- [Task to carry out]: Range to copy from the entries below: the line containing "Designed ceramic/glazed wall" through the line containing "Жмем и переходим", inclusive. Retype only those lines, exactly, without any images.

- [Exercise data]:
⁂

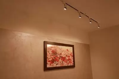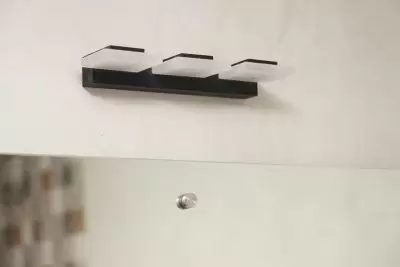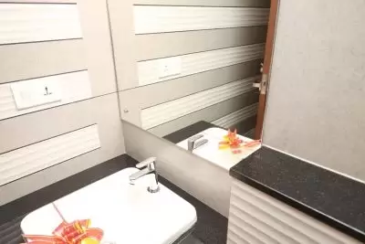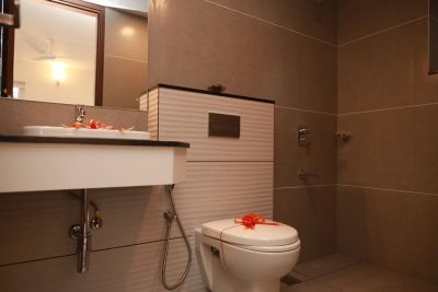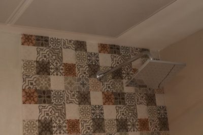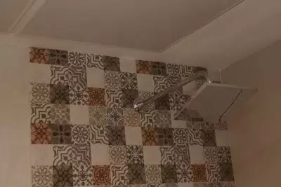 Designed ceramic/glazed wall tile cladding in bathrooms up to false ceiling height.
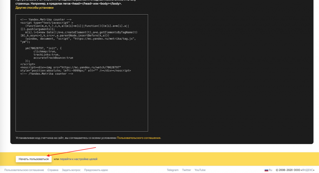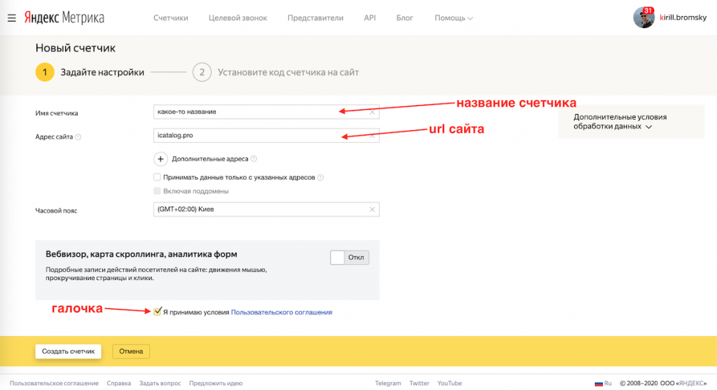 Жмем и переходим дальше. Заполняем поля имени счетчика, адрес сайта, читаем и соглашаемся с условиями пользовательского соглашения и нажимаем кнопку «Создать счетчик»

⁂

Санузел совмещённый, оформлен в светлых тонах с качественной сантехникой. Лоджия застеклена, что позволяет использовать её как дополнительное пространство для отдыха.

⁂

- [Your solution]:
 Designed ceramic/glazed wall tile cladding in bathrooms up to false ceiling height.
 Жмем и переходим дальше. Заполняем поля имени счетчика, адрес сайта, читаем и соглашаемся с условиями пользовательского соглашения и нажимаем кнопку «Создать счетчик»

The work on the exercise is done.